A Trump defeat would create an even more rabid Fox

Trump’s comfort with Fox’s universe is obvious

  
Republican presidential candidate Donald Trump (R) speaks to media mogul Rupert Murdoch as they walk out of Trump International Golf Links in Aberdeen, Scotland, June 25, 2016.

Republican presidential candidate Donald Trump (R) speaks to media mogul Rupert Murdoch as they walk out of Trump International Golf Links in Aberdeen, Scotland, June 25, 2016.

Reuters/Carlo Allegri

(The author is a Reuters Breakingviews columnist. The opinions expressed are her own.)

NEW YORK  - It’s hard to think of an American president with a more symbiotic media relationship than Donald Trump’s with Fox News. The risk for the $16 billion company’s shareholders is that a victory for Democratic candidate Joe Biden would rob the network of its biggest celebrity. But don’t count owner Rupert Murdoch out. Doubling down on division may be the cure.

Trump’s comfort with Fox’s universe is obvious. He regularly phones in to its morning show. Host Sean Hannity has spoken at a “Make America Great Again” rally. Anchor Maria Bartiromo was Trump’s first stop after his Covid-19 diagnosis. Commentator Lou Dobbs acts as an informal advisor.

The president is also a big booster. A Media Matters for America analysis of Trump’s Twitter feed over two years found he tweeted in response to programs on Fox’s cable networks 1,146 times, or roughly 8% of his total.

The former reality TV star’s backing has been good for ratings. Fox News recently crowed that it was the first cable network ever to surpass all general broadcast outlets - ABC, NBC and CBS - in total weekday primetime ratings in the third quarter with about 4 million viewers on average.

A Biden sweep could be a threat in other ways. Democrats might target Fox with greater regulation as is happening in Australia with a petition calling on parliament to investigate Murdoch’s empire as a monopoly. Trump could also decide to launch his own competing outlet.

Since Murdoch sold his entertainment assets to Walt Disney, Fox News has become the key plank of his empire. The news channel and Fox Business account for approximately 85% of cable network EBITDA, or more than $2 billion for the 12 months ending June 30, estimates MoffettNathanson. That division represented nearly all the parent’s EBITDA.

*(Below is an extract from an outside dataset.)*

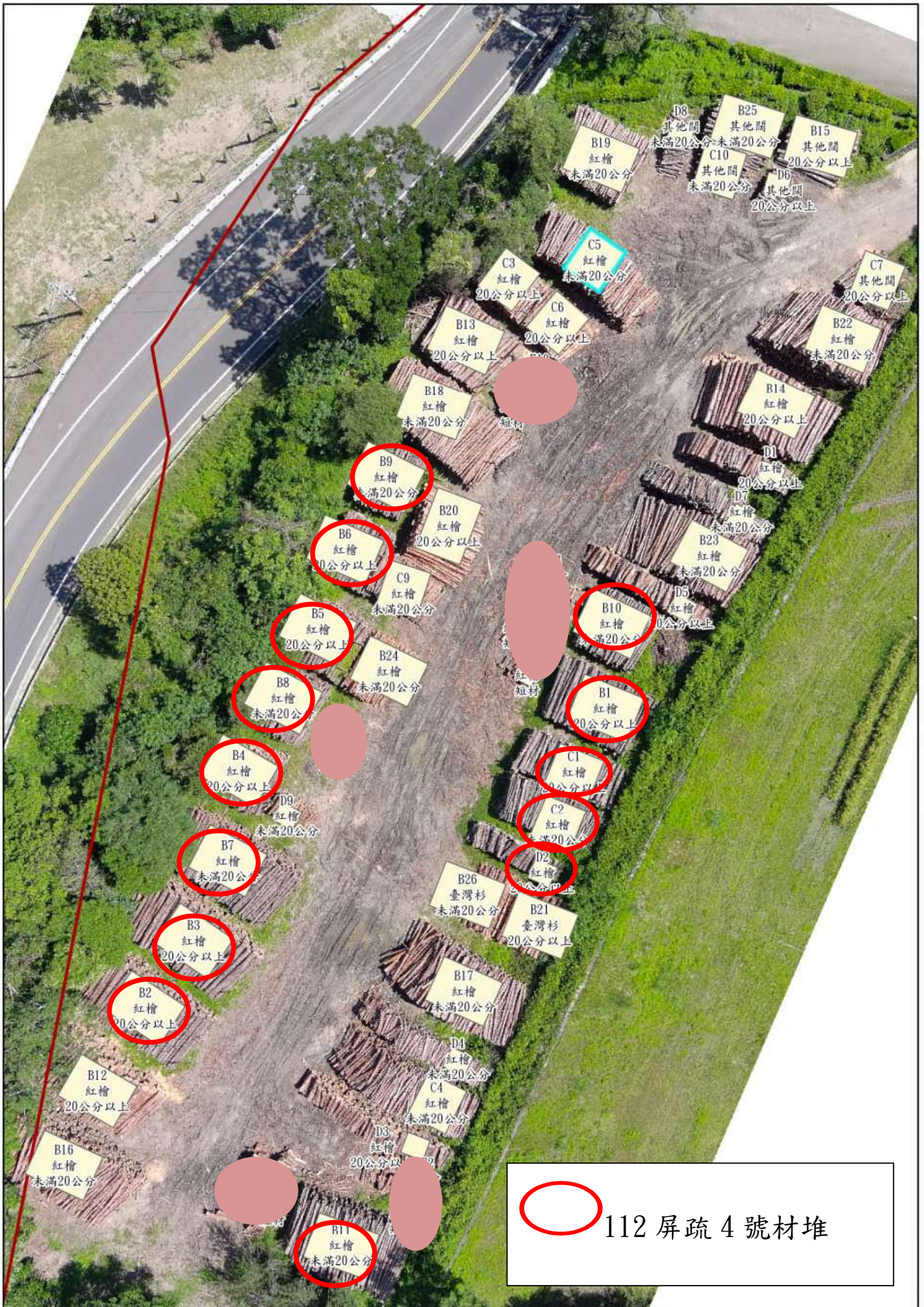
112 屏疏 4 號材堆

Murdoch built Fox as a haven for conservatives. In the aftermath of Sept. 11, 2001, the network overtook rivals as the top cable news network. That trend held even during Barack Obama’s presidency. Pew Research recently found that 65% of Republicans polled trust Fox for political information more than any other outlet, while 61% of Democrats distrust it.

With that division, a Biden presidency could serve as a perfect foil for out-of-power Trump supporters, making an even more rabid Fox the logical business model for Murdoch.

CONTEXT NEWS

- Fox News said on Sept. 29 it was the first cable network to ever surpass all broadcast networks in weekday primetime with total viewers for a full quarter, citing Nielsen research.

- Fox will report quarterly earnings on Nov. 3.

(The author is a Reuters Breakingviews columnist. The opinions expressed are her own.)